### DESCRIPTION OF THE TASK
Give the data again exactly, without its images.

### MATERIAL PROVIDED
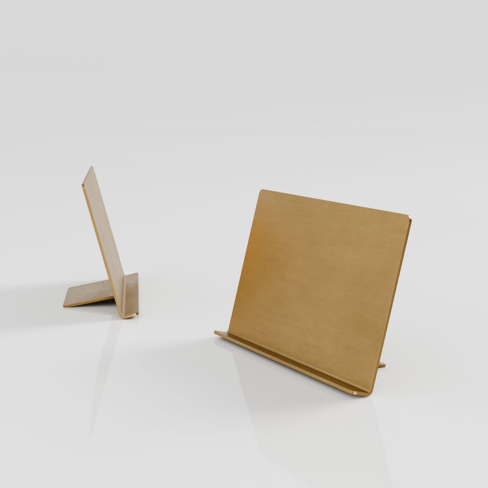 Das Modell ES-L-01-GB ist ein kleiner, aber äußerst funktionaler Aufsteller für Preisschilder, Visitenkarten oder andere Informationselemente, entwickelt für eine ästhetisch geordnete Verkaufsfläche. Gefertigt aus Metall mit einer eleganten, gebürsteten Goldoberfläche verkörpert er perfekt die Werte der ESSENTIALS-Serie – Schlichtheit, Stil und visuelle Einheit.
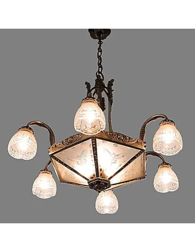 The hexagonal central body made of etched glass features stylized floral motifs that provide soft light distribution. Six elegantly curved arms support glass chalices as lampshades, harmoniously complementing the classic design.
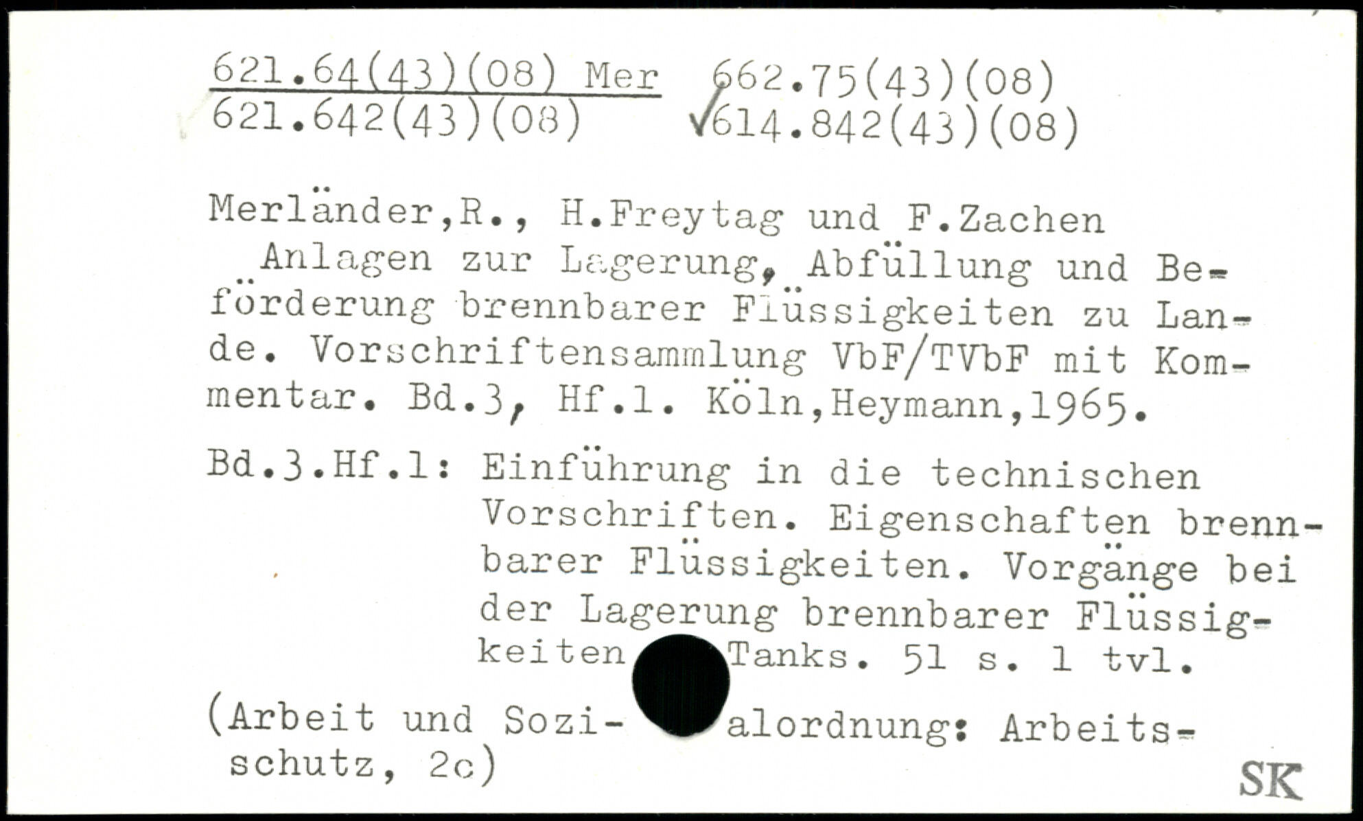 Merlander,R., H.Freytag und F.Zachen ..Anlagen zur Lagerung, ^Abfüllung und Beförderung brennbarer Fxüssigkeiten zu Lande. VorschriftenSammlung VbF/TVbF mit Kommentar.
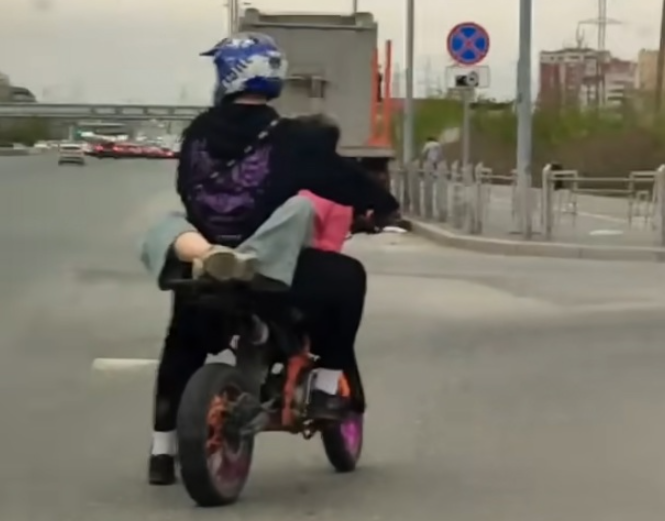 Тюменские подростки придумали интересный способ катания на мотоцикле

### ANSWER SECTION
 Das Modell ES-L-01-GB ist ein kleiner, aber äußerst funktionaler Aufsteller für Preisschilder, Visitenkarten oder andere Informationselemente, entwickelt für eine ästhetisch geordnete Verkaufsfläche. Gefertigt aus Metall mit einer eleganten, gebürsteten Goldoberfläche verkörpert er perfekt die Werte der ESSENTIALS-Serie – Schlichtheit, Stil und visuelle Einheit.
 The hexagonal central body made of etched glass features stylized floral motifs that provide soft light distribution. Six elegantly curved arms support glass chalices as lampshades, harmoniously complementing the classic design.
 Merlander,R., H.Freytag und F.Zachen ..Anlagen zur Lagerung, ^Abfüllung und Beförderung brennbarer Fxüssigkeiten zu Lande. VorschriftenSammlung VbF/TVbF mit Kommentar.
 Тюменские подростки придумали интересный способ катания на мотоцикле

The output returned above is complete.